◆ Exercise material:
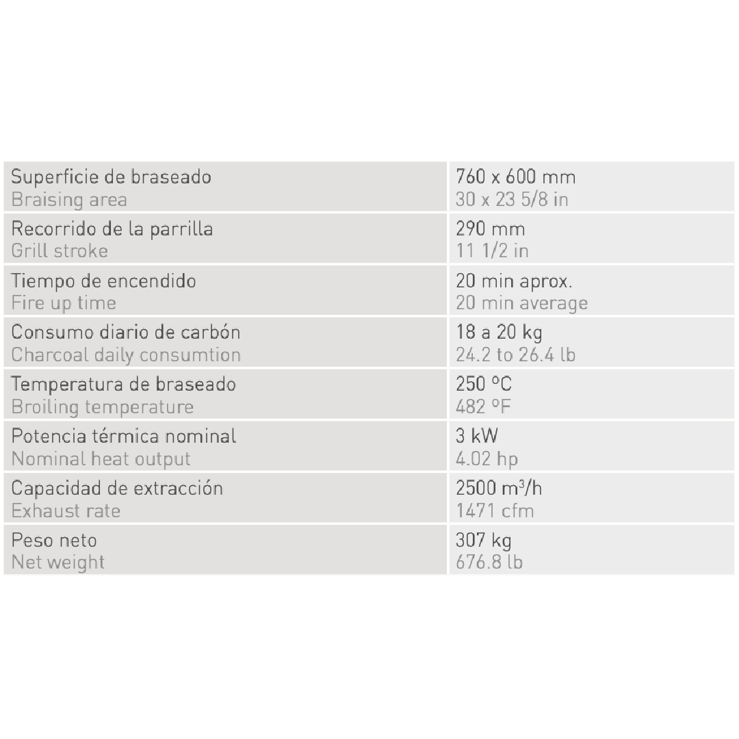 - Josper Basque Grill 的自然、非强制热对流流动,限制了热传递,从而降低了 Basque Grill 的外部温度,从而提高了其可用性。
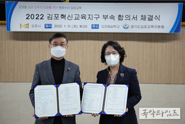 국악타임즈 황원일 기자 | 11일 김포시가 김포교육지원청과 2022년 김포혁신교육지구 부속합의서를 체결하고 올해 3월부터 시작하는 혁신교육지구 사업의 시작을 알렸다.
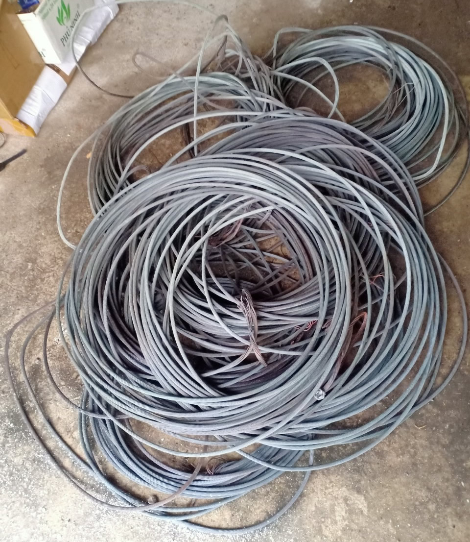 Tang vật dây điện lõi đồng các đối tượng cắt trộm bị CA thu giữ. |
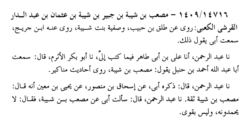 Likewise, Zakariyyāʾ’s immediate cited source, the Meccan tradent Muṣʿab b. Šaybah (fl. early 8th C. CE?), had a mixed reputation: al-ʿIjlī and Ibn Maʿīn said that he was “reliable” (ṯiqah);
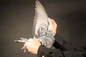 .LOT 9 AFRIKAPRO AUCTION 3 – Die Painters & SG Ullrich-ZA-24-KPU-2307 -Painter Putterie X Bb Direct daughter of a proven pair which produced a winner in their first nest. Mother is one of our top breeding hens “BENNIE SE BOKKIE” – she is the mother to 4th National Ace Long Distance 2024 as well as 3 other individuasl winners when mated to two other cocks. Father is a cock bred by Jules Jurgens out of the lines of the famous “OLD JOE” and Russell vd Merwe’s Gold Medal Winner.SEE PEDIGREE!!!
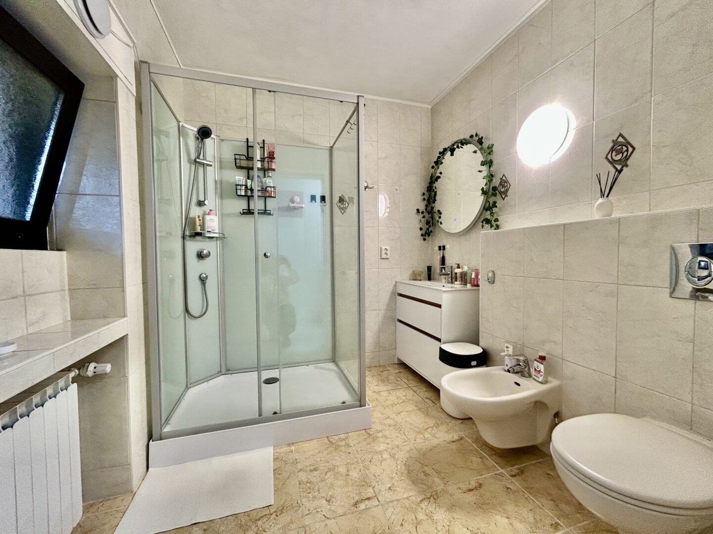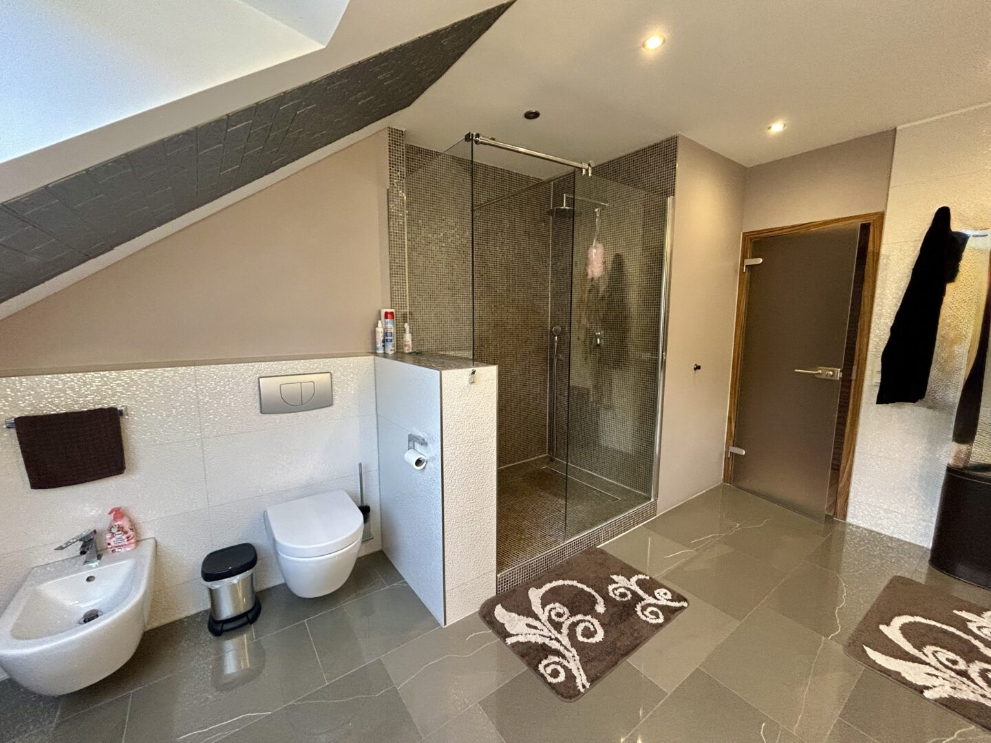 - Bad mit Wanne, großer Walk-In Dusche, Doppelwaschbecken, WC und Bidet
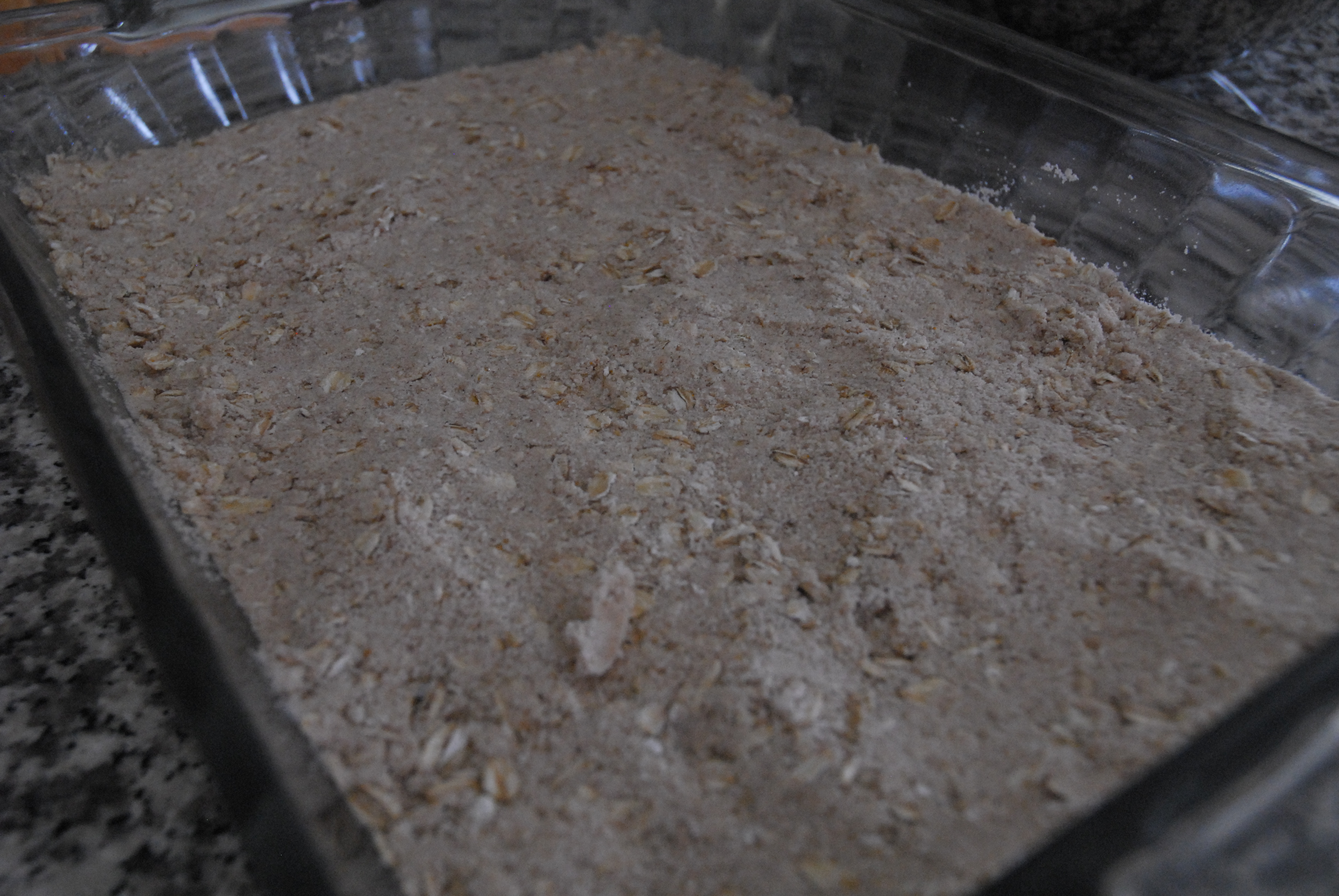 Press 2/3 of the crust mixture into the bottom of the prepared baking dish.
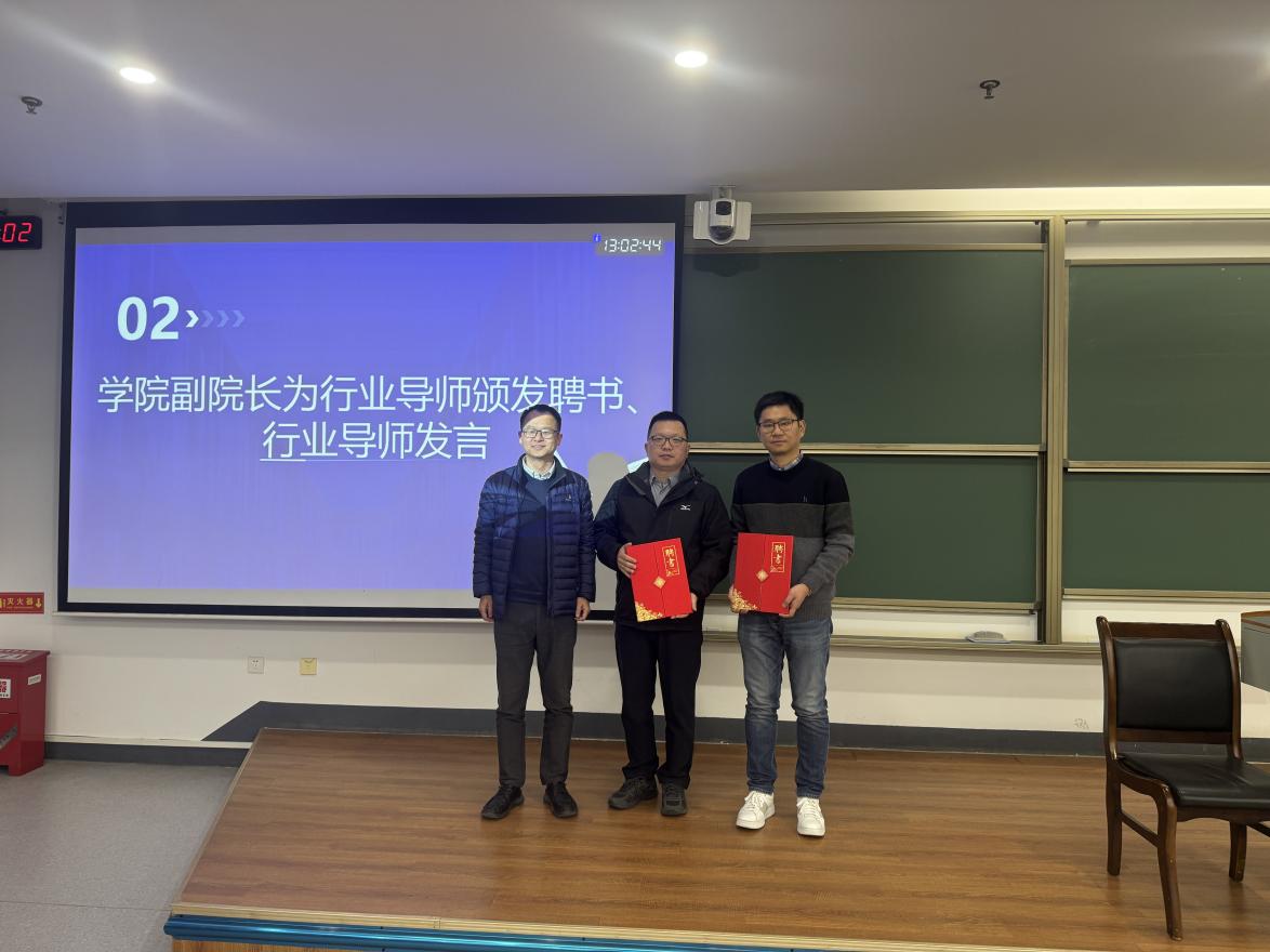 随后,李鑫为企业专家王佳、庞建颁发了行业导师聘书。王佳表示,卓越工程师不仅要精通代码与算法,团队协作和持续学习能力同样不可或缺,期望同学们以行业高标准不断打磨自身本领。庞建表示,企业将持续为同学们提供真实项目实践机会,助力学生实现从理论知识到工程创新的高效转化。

◆ Exercise description: Return only the lines from the one containing "Press 2/3 of" through the last line of the entries above, exactly as written and without pictures.

◆ Response to this task:
 Press 2/3 of the crust mixture into the bottom of the prepared baking dish.
 随后,李鑫为企业专家王佳、庞建颁发了行业导师聘书。王佳表示,卓越工程师不仅要精通代码与算法,团队协作和持续学习能力同样不可或缺,期望同学们以行业高标准不断打磨自身本领。庞建表示,企业将持续为同学们提供真实项目实践机会,助力学生实现从理论知识到工程创新的高效转化。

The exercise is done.